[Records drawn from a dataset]
○ ○ ○ ○ ○ ○ ○

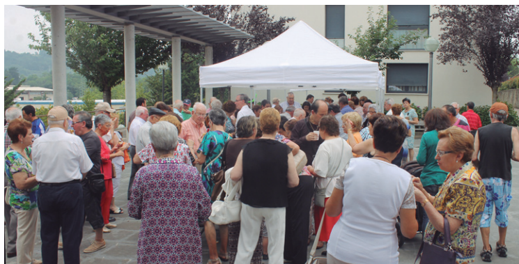
Oriatarren bazkaria baino lehen luntxean solasaldian hasteko aukera izan zuten auzotarrek. Arratsaldean, Oriako Sorgin Dantzaz gozatzeko aukera izan zen Brunet-Enea parkean.

Jai hau Basaundi auzoan hilabete amaieran izango diren San Inazio jaien aurrekari izan da. La Esperanza elkarteak herritarrei hauetan ere parte hartzeko gonbita egiten die eta batez ere, haurrei.
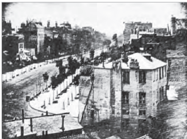
Л. Дагер. Бульвар Тампль в Париже. Дагеротип, 1839 г.

Не следует поспешно осуждать Дагера, так как имел место подписанный в 1837 г. договор с Исидором Ньепсом, согласно которому Дагер обязуется передать свое уже почти готовое изобретение «Товариществу», не раскрывая тайн технологии и при условии, что процесс будет носить его имя. Дальнейшая судьба изобретения известна. Справедливости ради следует лишь упомянуть, что заслуги Нисефора Ньепса отнюдь не были игнорированы французским государством: его наследник Исидор Ньепс также получил пожизненную пенсию, величина которой составляла около двух третей от пенсии Л. Дагера. Причем эта разница в пользу Дагера определялась не столько его достижениями в изобретении фотографической технологии, сколько согласием в дополнение к фотопроцессу открыть секреты устройства своей знаменитой диорамы [6, с. 4—20].
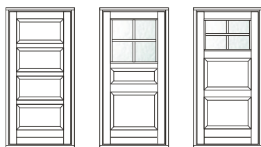
VU-15 VU-16 VU-18
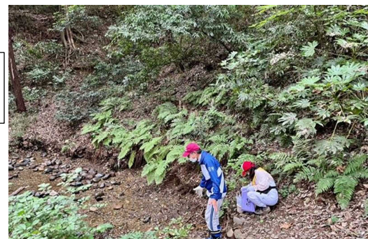
沢の近くまでゴミが落ちているなんて…
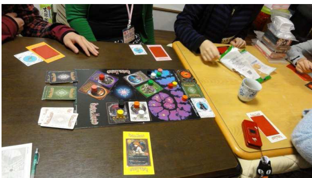
↑みなもで一番人気のある？『シャドウハンター』

基本的に、お泊り会では睡眠時間の短い私ですが、このときも3時間は眠れなかったんですね。やけに40分との縁がありますが気にしないで頂きたいところです。と、こうして初めてのお泊り会を振り返ってみるといつも思うのですが、いつも自分の話したことや他人の話したことは耳がちくわになったかのごとく頭から抜けていくというのに、こういう妙なことだけはちゃんと頭の中に残しておいてくれるんですね。
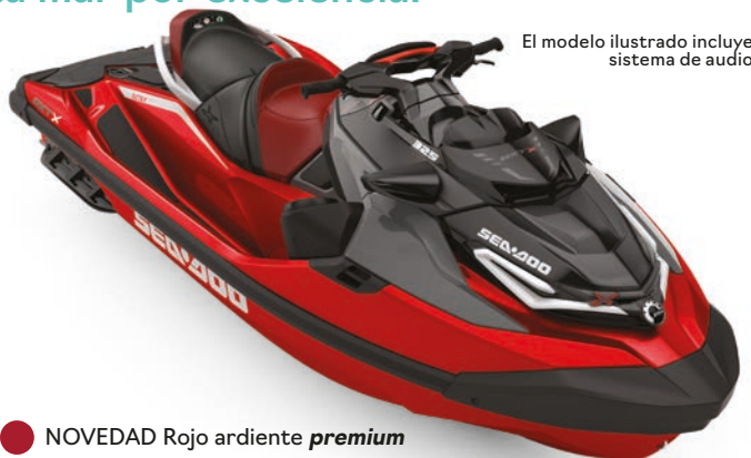
El modelo ilustrado incluye sistema de audio
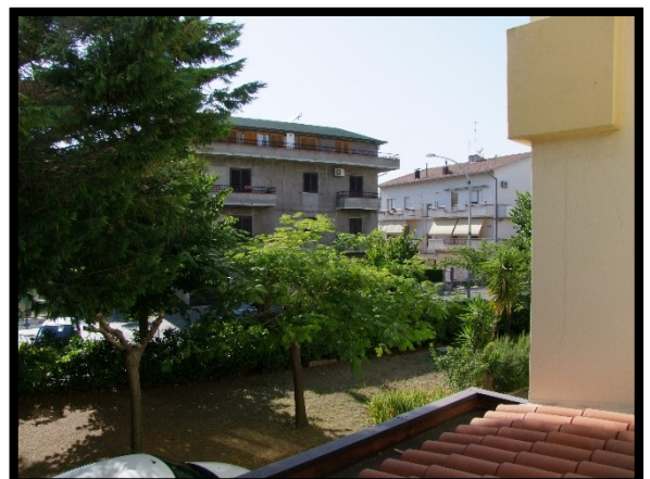
F. 24: VISTA DALL'APPARTAMENTO INTERNO "2" UBICATO AL PIANO 1° IN VIA ALCIDE DE GASPERI, N. 1, SAN SALVO (CH), P.LLA 620 SUB. 10 (A/2)
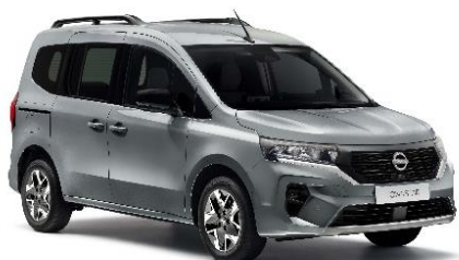
Szary Highland – KQA
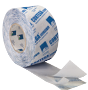
CONTEGA SOLIDO SL Liitosnauha sisäpuolelle
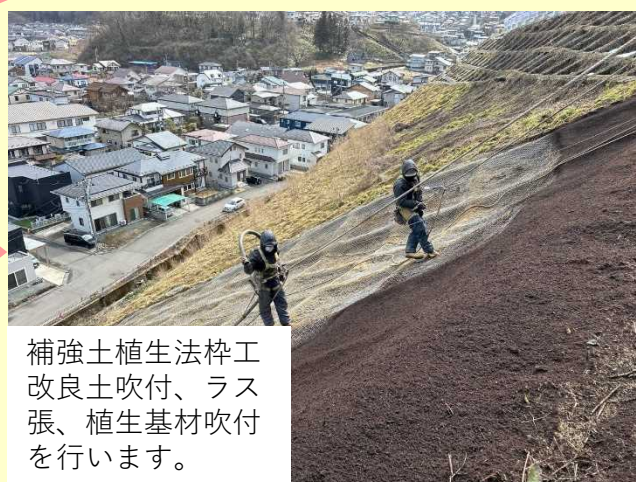
補強土植生法枠工 改良土吹付、ラス張、植生基材吹付を行います。
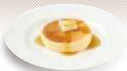
シングルパンケーキ Single pancake (パンケーキ1枚) ¥500 ( ¥550 )
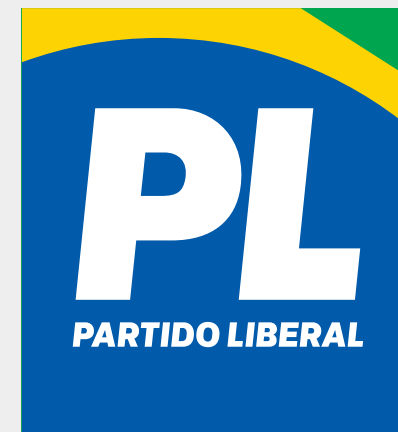
Marca do Partido Liberal
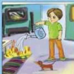
Мелкое возгорание потушить подручными средствами
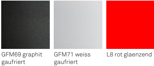
GFM69 graphit gaufriert
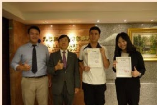
圖 / 永然聯合法律事務所實習

學校心理系的課程，近年備受社會矚目的精神障礙者減刑或是青少年犯罪議題都屬於這二者結合之領域，不同領域的連結遠比我們想像的更多；除此之外，語言是一項幾乎學必有所用的能力，多會一種語言就是多了一項溝通工具，如律師協助年長者打官司可能也會需要以台語進行溝通，我本於自身興趣修讀了校內的韓文課程，而調查局韓文組就可以作為我未來的選項之一，學校也有很多如日韓美荷等各國學校的交換資源，前往韓國交換本也是我的計畫之一，可惜因疫情而取消，但利用大學資源出國交換，加強語言能力之同時增廣見聞，絕對是值得放入大學待辦清單的項目。
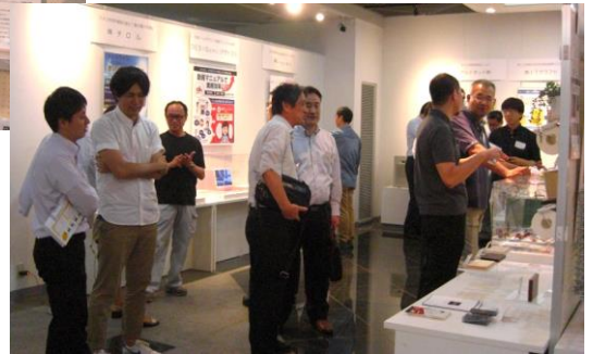
IPCギャラリー展示プレゼン・商談風景
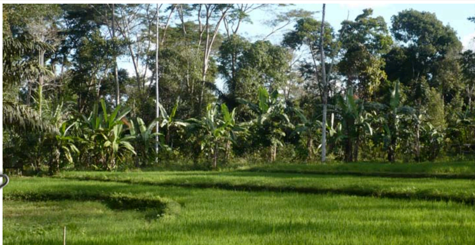
Sawah berpengairan dan hutan campuran sengon dan kebun pisang

Ia juga berujar, bahwa ia dan keluarga beruntung dapat mengelola 3 ha tanah, hidup di atas tanah negara tanpa di pungut biaya. Jadi kita mesti memelihara hutan ini.
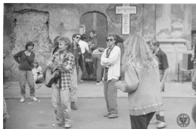
Uczestnicy festiwalu w Jarocinie

Starszy cenzor czasem celowo wychodził z gabinetu i zostawiał temu młodszemu pole do negocjacji z ludźmi bliższymi sobie wiekiem. Muzyków traktowano więc protekcyjnie, ale obywało się bez zastraszania. Co przy tym ciekawe, choć niezaskakujące, cenzorzy w ogóle nie ingerowali w słowne ataki na Kościół.
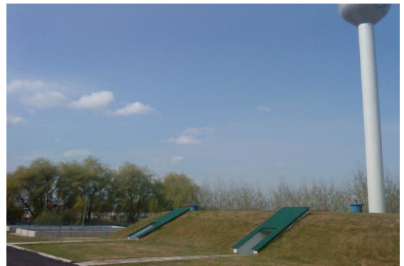
Újhartyán „Ivónvízminőség védelem”
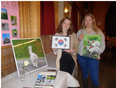
Høstfest i Rose 4H
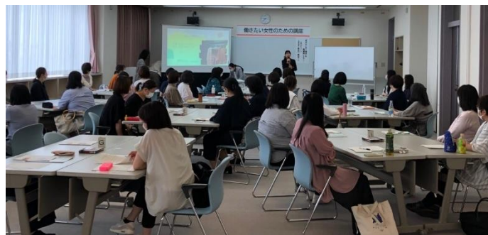
女性のキャリアデザイン応援事業

○ ○ ○ ○ ○ ○ ○

Activity:
What you return must be every entry, word for word, without any pictures.

Finished task:
Oriatarren bazkaria baino lehen luntxean solasaldian hasteko aukera izan zuten auzotarrek. Arratsaldean, Oriako Sorgin Dantzaz gozatzeko aukera izan zen Brunet-Enea parkean.

Jai hau Basaundi auzoan hilabete amaieran izango diren San Inazio jaien aurrekari izan da. La Esperanza elkarteak herritarrei hauetan ere parte hartzeko gonbita egiten die eta batez ere, haurrei.
Л. Дагер. Бульвар Тампль в Париже. Дагеротип, 1839 г.

Не следует поспешно осуждать Дагера, так как имел место подписанный в 1837 г. договор с Исидором Ньепсом, согласно которому Дагер обязуется передать свое уже почти готовое изобретение «Товариществу», не раскрывая тайн технологии и при условии, что процесс будет носить его имя. Дальнейшая судьба изобретения известна. Справедливости ради следует лишь упомянуть, что заслуги Нисефора Ньепса отнюдь не были игнорированы французским государством: его наследник Исидор Ньепс также получил пожизненную пенсию, величина которой составляла около двух третей от пенсии Л. Дагера. Причем эта разница в пользу Дагера определялась не столько его достижениями в изобретении фотографической технологии, сколько согласием в дополнение к фотопроцессу открыть секреты устройства своей знаменитой диорамы [6, с. 4—20].
VU-15 VU-16 VU-18
沢の近くまでゴミが落ちているなんて…
↑みなもで一番人気のある？『シャドウハンター』

基本的に、お泊り会では睡眠時間の短い私ですが、このときも3時間は眠れなかったんですね。やけに40分との縁がありますが気にしないで頂きたいところです。と、こうして初めてのお泊り会を振り返ってみるといつも思うのですが、いつも自分の話したことや他人の話したことは耳がちくわになったかのごとく頭から抜けていくというのに、こういう妙なことだけはちゃんと頭の中に残しておいてくれるんですね。
El modelo ilustrado incluye sistema de audio
F. 24: VISTA DALL'APPARTAMENTO INTERNO "2" UBICATO AL PIANO 1° IN VIA ALCIDE DE GASPERI, N. 1, SAN SALVO (CH), P.LLA 620 SUB. 10 (A/2)
Szary Highland – KQA
CONTEGA SOLIDO SL Liitosnauha sisäpuolelle
補強土植生法枠工 改良土吹付、ラス張、植生基材吹付を行います。
シングルパンケーキ Single pancake (パンケーキ1枚) ¥500 ( ¥550 )
Marca do Partido Liberal
Мелкое возгорание потушить подручными средствами
GFM69 graphit gaufriert
圖 / 永然聯合法律事務所實習

學校心理系的課程，近年備受社會矚目的精神障礙者減刑或是青少年犯罪議題都屬於這二者結合之領域，不同領域的連結遠比我們想像的更多；除此之外，語言是一項幾乎學必有所用的能力，多會一種語言就是多了一項溝通工具，如律師協助年長者打官司可能也會需要以台語進行溝通，我本於自身興趣修讀了校內的韓文課程，而調查局韓文組就可以作為我未來的選項之一，學校也有很多如日韓美荷等各國學校的交換資源，前往韓國交換本也是我的計畫之一，可惜因疫情而取消，但利用大學資源出國交換，加強語言能力之同時增廣見聞，絕對是值得放入大學待辦清單的項目。
IPCギャラリー展示プレゼン・商談風景
Sawah berpengairan dan hutan campuran sengon dan kebun pisang

Ia juga berujar, bahwa ia dan keluarga beruntung dapat mengelola 3 ha tanah, hidup di atas tanah negara tanpa di pungut biaya. Jadi kita mesti memelihara hutan ini.
Uczestnicy festiwalu w Jarocinie

Starszy cenzor czasem celowo wychodził z gabinetu i zostawiał temu młodszemu pole do negocjacji z ludźmi bliższymi sobie wiekiem. Muzyków traktowano więc protekcyjnie, ale obywało się bez zastraszania. Co przy tym ciekawe, choć niezaskakujące, cenzorzy w ogóle nie ingerowali w słowne ataki na Kościół.
Újhartyán „Ivónvízminőség védelem”
Høstfest i Rose 4H
女性のキャリアデザイン応援事業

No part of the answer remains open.